Supplied information =
□ □ □ □
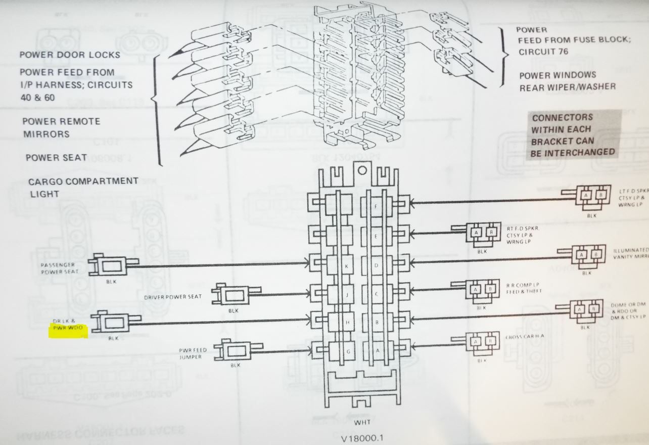 Yep, pwr windows were an option, but if you don't have any of the options in that first diagram, you might not have the distribution block. Look under the dash on the driver's side. Go up and towards the front a bit from the hood release.
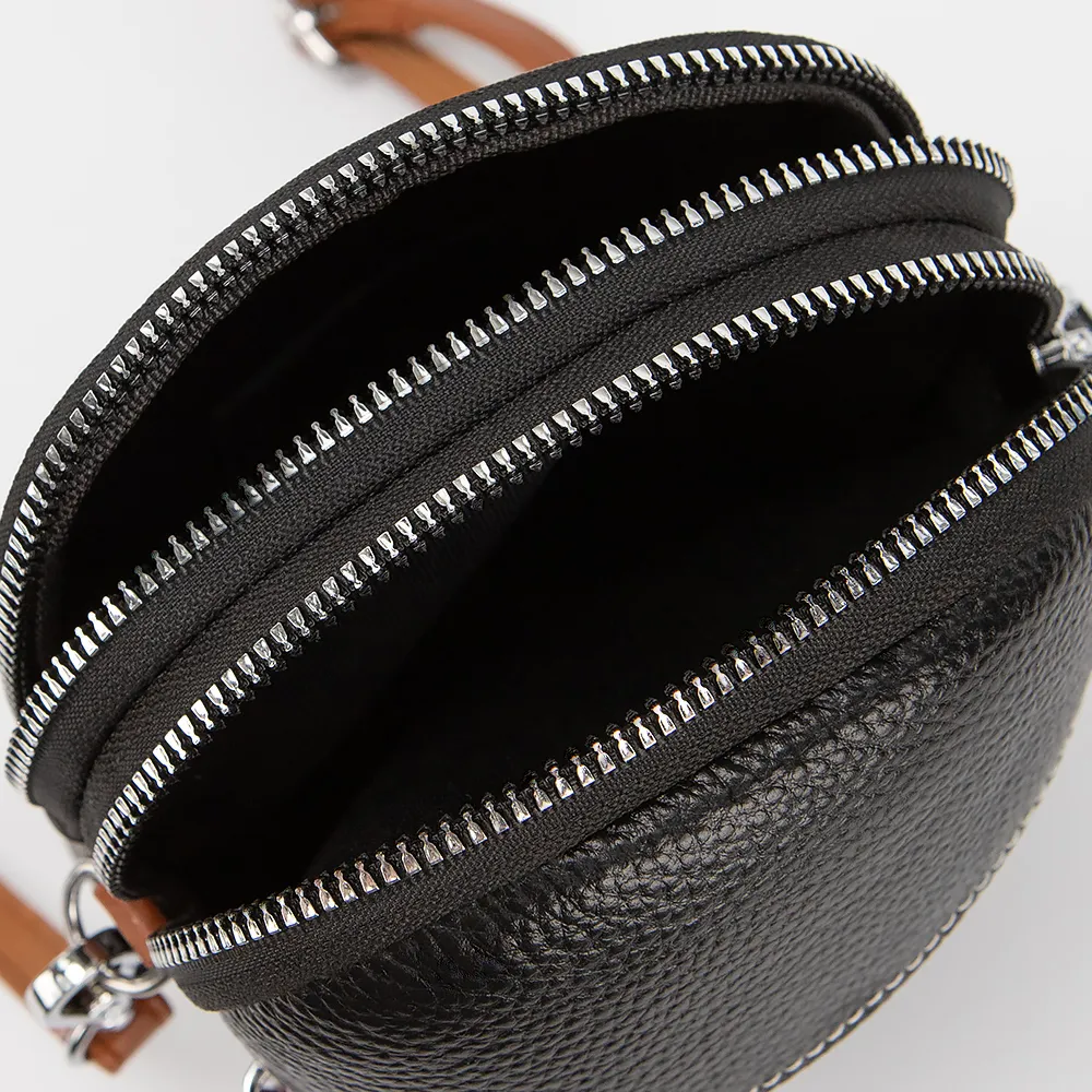 Сумка от торговой марки Poshete выполнена из натуральной кожи черного цвета. Компактная модель вертикальной ориентации со съемным тонким ремешком оранжевого цвета. Два отделения на молнии. С лицевой стороны карман на молнии.
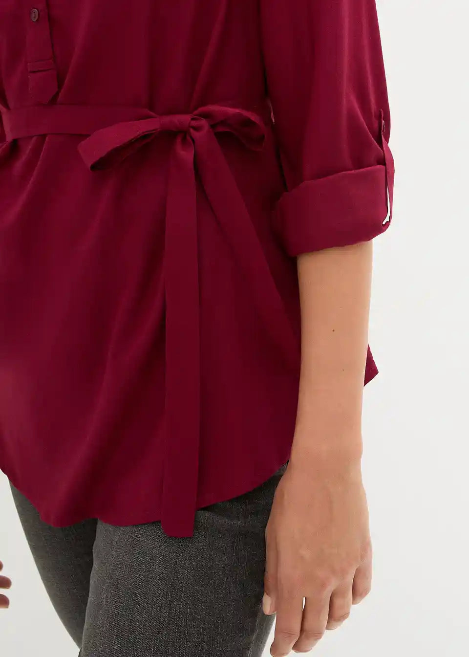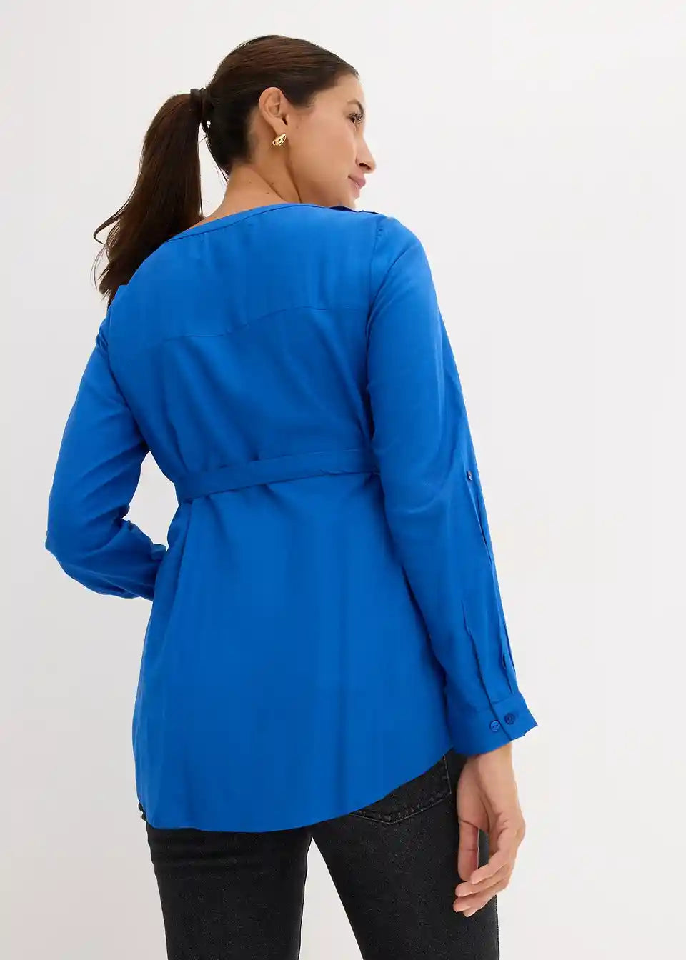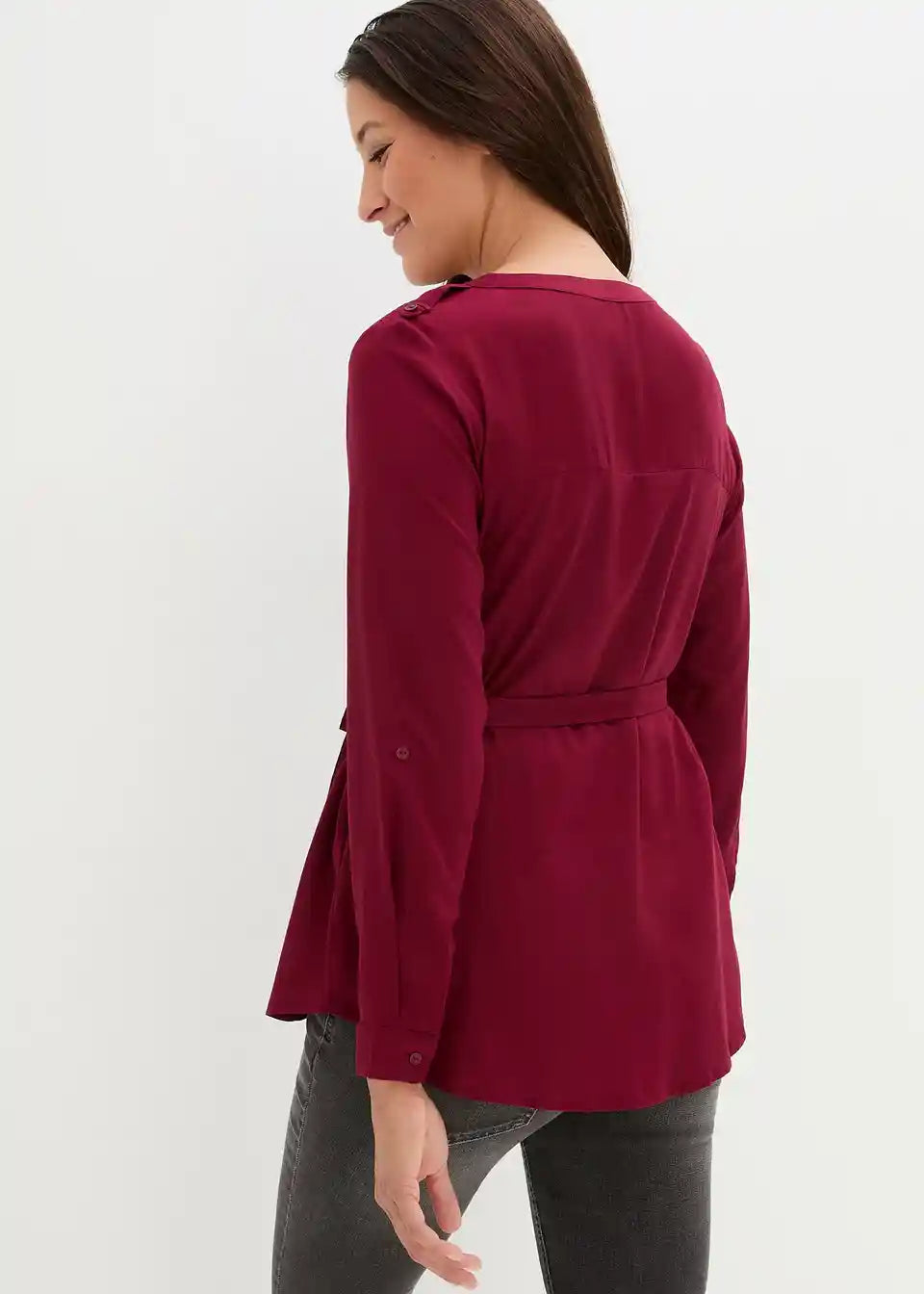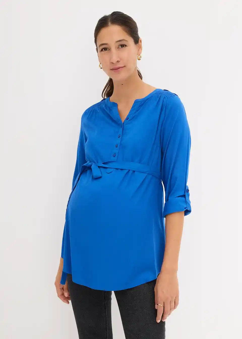 Trudnička bluza se zahvaljujući laganom viskoznom materijalu dobro prilagođava rastućem trudničkom trbuščiću i ugodno prijanja na kožu. Pojas ističe trbuščić, ali se može i ukloniti. Nakon trudnoće omogućeno je jednostavno dojenje zahvaljujući prednjem dijelu s gumbima.
□ □ □ □
Problem description =
Write out the data above precisely. Pictures stay out.

Response for this exercise =
 Yep, pwr windows were an option, but if you don't have any of the options in that first diagram, you might not have the distribution block. Look under the dash on the driver's side. Go up and towards the front a bit from the hood release.
 Сумка от торговой марки Poshete выполнена из натуральной кожи черного цвета. Компактная модель вертикальной ориентации со съемным тонким ремешком оранжевого цвета. Два отделения на молнии. С лицевой стороны карман на молнии.
 Trudnička bluza se zahvaljujući laganom viskoznom materijalu dobro prilagođava rastućem trudničkom trbuščiću i ugodno prijanja na kožu. Pojas ističe trbuščić, ali se može i ukloniti. Nakon trudnoće omogućeno je jednostavno dojenje zahvaljujući prednjem dijelu s gumbima.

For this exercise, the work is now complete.